Unfortunately, Low, Y.Y. and “Critic” could not remember any of the relevant facts; but the family lawyer pointed out that, assuming the problem to be properly constructed (i.e., assuming it to contain no statement superfluous to its solution) the order could be inferred.
What was the prescribed order of choosing?
Low, Y.Y., and “Critic” were colleagues of Phillips on the New Statesman, but that hardly helps. The crucial idea is that every piece of information is relevant, so you must exclude all solutions in which any part of any statement is superfluous. Newman’s puzzle-setting brain would later be put to more serious use puzzle-solving. During the Second World War, he ran a section of codebreakers—the Newmanry—at Bletchley Park, which led to the construction of Colossus, the world’s first programmable electronic computer. Newman was a colleague and close friend of Alan Turing, the father of theoretical computer science. In fact, Turing’s landmark paper On Computable Numbers was inspired by Newman’s lectures at Cambridge. When Newman set up the Royal Society Computing Machine Laboratory in Manchester after the war, he persuaded Turing to join him there.
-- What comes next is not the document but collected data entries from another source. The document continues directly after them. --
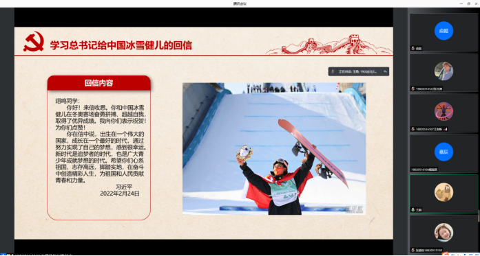 支部书记王晶首先带领大家学习了《习近平总书记给中国冰雪健儿的回信》, 王晶指出中国的冰雪健儿们在冬奥会赛场上画上了浓墨重彩的一笔,他们从小经历了诸多磨砺,才能在赛场上把最好的体育精神展示出来。习近平总书记给冰雪健儿的回信饱含着对于中国的体育文化以及新一代青少年的盛情与期待。习近平总书记的目光不单单是望向了运动健儿和青少年,更是望向了那些追梦者,通过对运动健儿身上的体育精神来影响更多人。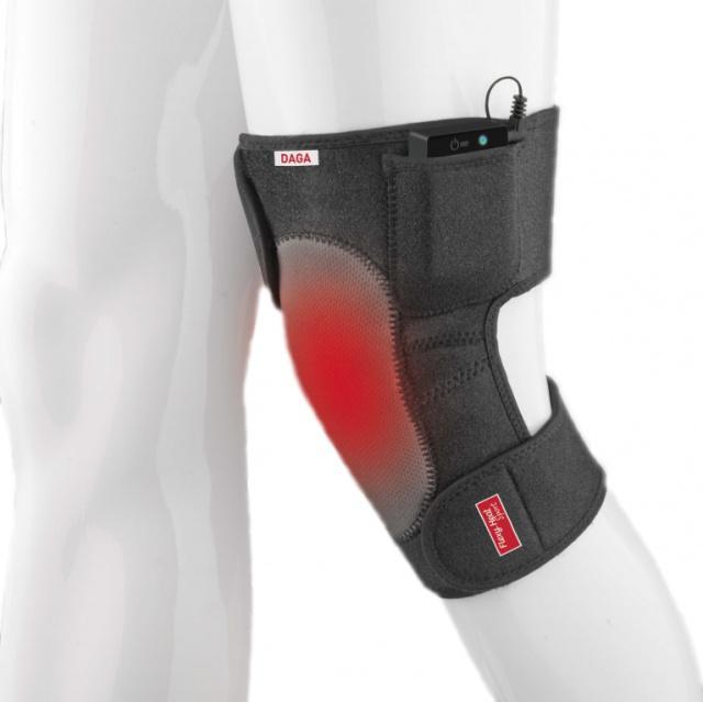 Vyhřívaná kompresní bandáž značky Daga je navržená pro neomezující pohyb kolene při současném zajištění jeho nahřívání. Energii pro ohřev dodává integrovaná baterie, která neomezuje pohyb, avšak zajišťuje dvě funkce, kompresi a teplo nutné pro léčbu nebo regeneraci.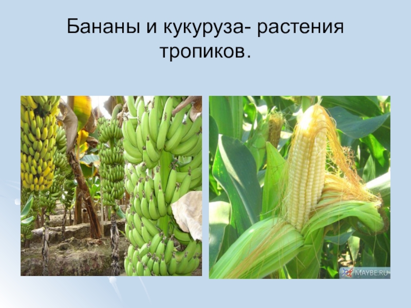 Слайд 7Бананы и кукуруза- растения тропиков.

Hubert Phillips is the earliest source for this next amazing puzzle: the three-way duel, or “truel,” which I have rephrased in homage to a film that ends in one.
TRIANGULAR GUNFIGHT
Good, Bad, and Ugly are about to take part in a three-way gunfight. Each is positioned on one of the three points of a triangle. The rules are that Ugly will shoot first, then Bad, then Good, before returning to Ugly and continuing in the same order until only one person is left. Ugly is the worst shot and can hit a target only one time in three. Bad is better, hitting a target two times in three, while Good is the best, never ever missing.
You can assume that everyone adopts the best strategy and no one is hit by a bullet that wasn’t meant for them.
Who should Ugly aim at to have the best chance of survival?
Here are three more logic puzzles of the kind that Hubert Phillips pioneered, although they were not written by him. They read like one-act plays, and they are just tricky enough to be deliciously satisfying to solve.
APPLES AND ORANGES
In front of you are three boxes, the first labeled “apples,” the second “oranges,” and the third “apples and oranges.” One box contains apples, one contains oranges, and the other contains apples and oranges. Each label, however, is on the wrong box. Your job is to correctly reassign the labels. You can’t see (or smell) what’s in any of the boxes. But you are allowed to stick your hand in one of them and remove a single piece of fruit.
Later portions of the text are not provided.